* [Dataset content]
**********

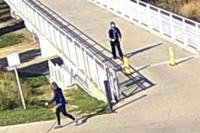 In this surveillance camera image released by the Council Bluffs, Iowa, Police Department, former U.S. Sen. Martha McSally, left, of Arizona, looks back at a man while she was jogging at Tom Hanafan River’s Edge Park, Wednesday, Nov. 8, 2023, in Council Bluffs, Iowa. A man was arrested early Friday, Nov. 10, in the alleged assault of McSally, who says she was molested as she jogged along the Missouri River in Council Bluffs. (Council Bluffs Police Department via AP)
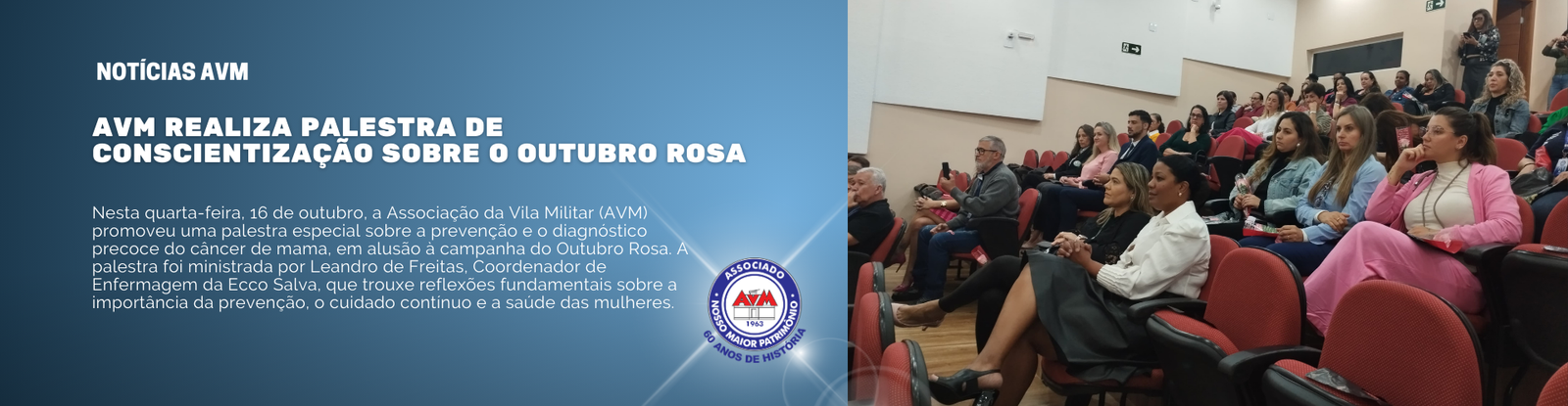 Nesta quarta-feira, 16 de outubro, a Associação da Vila Militar (AVM) promoveu uma palestra especial sobre a prevenção e o diagnóstico precoce do câncer de mama, em alusão à campanha do Outubro Rosa. A palestra foi ministrada por Leandro de Freitas, Coordenador de Enfermagem da Ecco Salva, que trouxe reflexões fundamentais sobre a importância da prevenção, o cuidado contínuo e a saúde das mulheres.
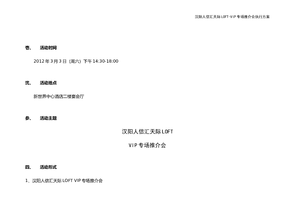 武汉汉阳人信汇天际LOFT VIP专场推介会执行方案.doc

**********

With the pictures removed, output the listing above exactly.

* [Response to this task]
 In this surveillance camera image released by the Council Bluffs, Iowa, Police Department, former U.S. Sen. Martha McSally, left, of Arizona, looks back at a man while she was jogging at Tom Hanafan River’s Edge Park, Wednesday, Nov. 8, 2023, in Council Bluffs, Iowa. A man was arrested early Friday, Nov. 10, in the alleged assault of McSally, who says she was molested as she jogged along the Missouri River in Council Bluffs. (Council Bluffs Police Department via AP)
 Nesta quarta-feira, 16 de outubro, a Associação da Vila Militar (AVM) promoveu uma palestra especial sobre a prevenção e o diagnóstico precoce do câncer de mama, em alusão à campanha do Outubro Rosa. A palestra foi ministrada por Leandro de Freitas, Coordenador de Enfermagem da Ecco Salva, que trouxe reflexões fundamentais sobre a importância da prevenção, o cuidado contínuo e a saúde das mulheres.
 武汉汉阳人信汇天际LOFT VIP专场推介会执行方案.doc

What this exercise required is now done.